F81/Jukes-Cantor fast path¶
For F81 (and its special case Jukes-Cantor), all non-zero eigenvalues are equal ($\mu_k = -\mu$ for $k \ge 1$), enabling a direct $O(CRA^2)$ computation without the eigenbasis. The transition probability is: $$M_{ij}(t) = \delta_{ij} \cdot e^{-\mu t} + \pi_j \cdot (1 - e^{-\mu t})$$
The integral $I^{ab}_{ij}(t)$ decomposes into three closed-form terms parameterized by:
- $\alpha(t) = t \cdot e^{-\mu t}$
- $\beta(t) = (1 - e^{-\mu t})/\mu - t \cdot e^{-\mu t}$
- $\gamma(t) = t(1 + e^{-\mu t}) - 2(1 - e^{-\mu t})/\mu$
Gap handling: Steiner tree branch masking¶
Not all branches are informative for every column. The minimum Steiner tree of ungapped leaves identifies which branches carry signal:
- Classify leaves as ungapped (tokens $0 \ldots A-1$ or $A$) or gapped ($-1$, $A+1$)
- Upward pass: propagate "has ungapped descendant" flags
- Identify Steiner nodes: ungapped leaves, branching points ($\ge 2$ ungapped children), and pass-through nodes
- A branch $p \to n$ is active iff both $p$ and $n$ are in the Steiner tree
Mixture model posterior¶
For a mixture of $K$ rate-scaled models with prior weights $w_k$: $$P(k \mid x_c) = \frac{w_k \cdot P(x_c \mid k)}{\sum_{k'} w_{k'} \cdot P(x_c \mid k')} = \text{softmax}_k(\log P(x_c \mid k) + \log w_k)$$
References¶
- Holmes, I. & Rubin, G.M. (2002).
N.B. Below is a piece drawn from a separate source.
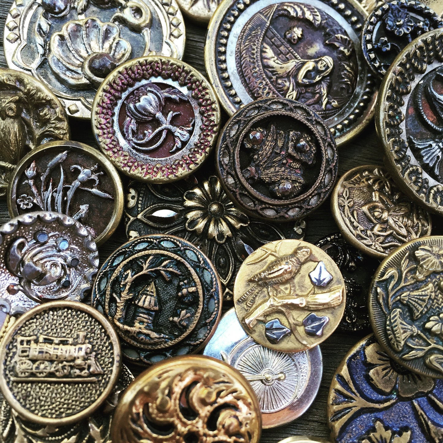 Explore an entire world full of blossoming delights in this Victorian button earring adorned with an 18th century cut steel rivet. In the foreground, a honey bee has alighted on a flower - you can almost smell the fragrance of blossoms. Our button earrings are cast in sterling silver from original buttons in our collection.

An Expectation Maximization Algorithm for Training Hidden Substitution Models. Journal of Molecular Biology, 317(5), 753-764.
- Felsenstein, J. (1981). Evolutionary trees from DNA sequences: a maximum likelihood approach. Journal of Molecular Evolution, 17, 368-376.
- Yang, Z. (1994). Maximum likelihood phylogenetic estimation from DNA sequences with variable rates over sites. Journal of Molecular Evolution, 39, 306-314.
- Hasegawa, M., Kishino, H., & Yano, T. (1985). Dating of the human-ape splitting by a molecular clock of mitochondrial DNA. Journal of Molecular Evolution, 22, 160-174.